3密どころじゃない!刺青囚人が超濃厚接触の「刑務所衝撃写真」
周囲の人間と間隔がないほどのスシ詰めで、窮屈な姿勢を強いられる下着一枚の男たち。超濃厚接触にもかかわらす、中にはマスクをつけず両手を背中で縛られている者もいる。彼らの多くが全身に刺青を入れスキンヘッドだーー。
衝撃的な写真が世界に出回った。撮影場所は、中米エルサルバドルの首都サンサルバドルにあるイザルコ刑務所。同刑務所には、1100人以上の服役囚がいると言われる。新型コロナウイルス感染拡大が懸念される中、信じられない“超3密”の光景だ。海外の犯罪事情に詳しい、ジャーナリストの黒井文太郎氏が語る。
「エルサルバドルやメキシコなど中米の国々は、南米からアメリカへの麻薬密輸の中継地点になっています。そのため凶悪組織の構成員は、世界で有数の多さなんです。刑務所には服役囚があふれ超過密。所内の治安・衛生状態は最悪と言われています。消毒液や石鹸の供給もままならず、マラリヤやチフスなど強力な感染症が蔓延することも多い。収拾がつかず、服役囚の健康を気遣うような状況にないんです。
写真を見ると、皆スキンヘッドで同じような刺青を入れています。おそらく中米最大の殺し屋集団『マラス』のメンバーでしょう」

写真が撮影されたのは4月25日。コロナウイルスへの感染を調べるために、服役囚を裸にして座らせたのだという。しかも画像は刑務所内の人間から流れたのではなく、エルサルバドルの大統領府が公開したのだから驚きだ。

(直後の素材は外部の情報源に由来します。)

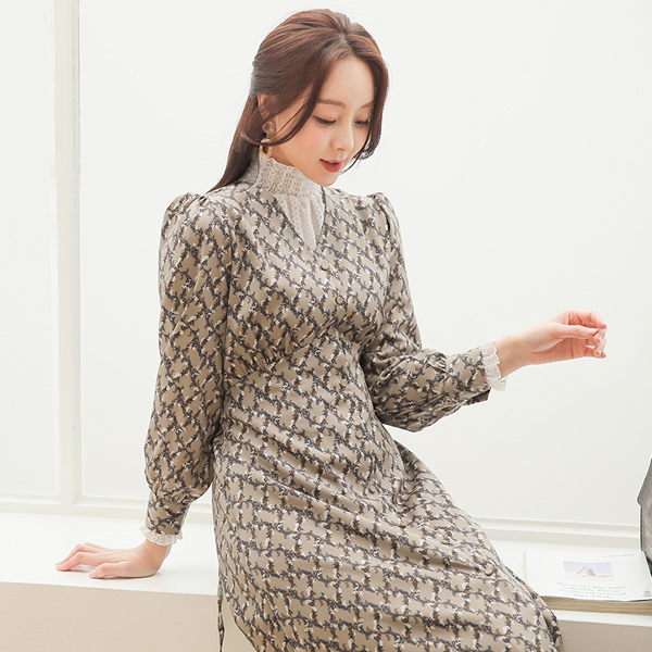 春季 后面蝴蝶结 V字领 拉绒 长款连衣裙

「公開の前の週に、一般市民を含め数十人が殺害される事件がエルサルバドルで起きています。同国のナジブ・ブケレ大統領は服役囚からの指示で、凄惨な事件が起きたと主張。刑務所内は超過密状態で、コロナ感染不安が犯罪者の間にも広まっているのを逆手にとり、見せしめの理由で写真公開に踏み切ったんです。撮影された刑務所では、約1100人の服役囚のうち300人がコロナに感染したと言われています」(在米ライター)
国際人権団体「ヒューマン・ライツ・ウォッチ」は、「中南米の刑務所や少年院は不衛生で過密状態。コロナ感染拡大には最高の条件が揃っている」と注意を喚起。米国のマーシャル・プロジェクトの報道では、同国の刑務所内感染者は1万4500人にのぼり、感染率は一般の3倍近くになるという。
あまりの環境の劣悪さに、中米をはじめとする世界の刑務所で不満が高まり、暴動や脱走事件が続発している。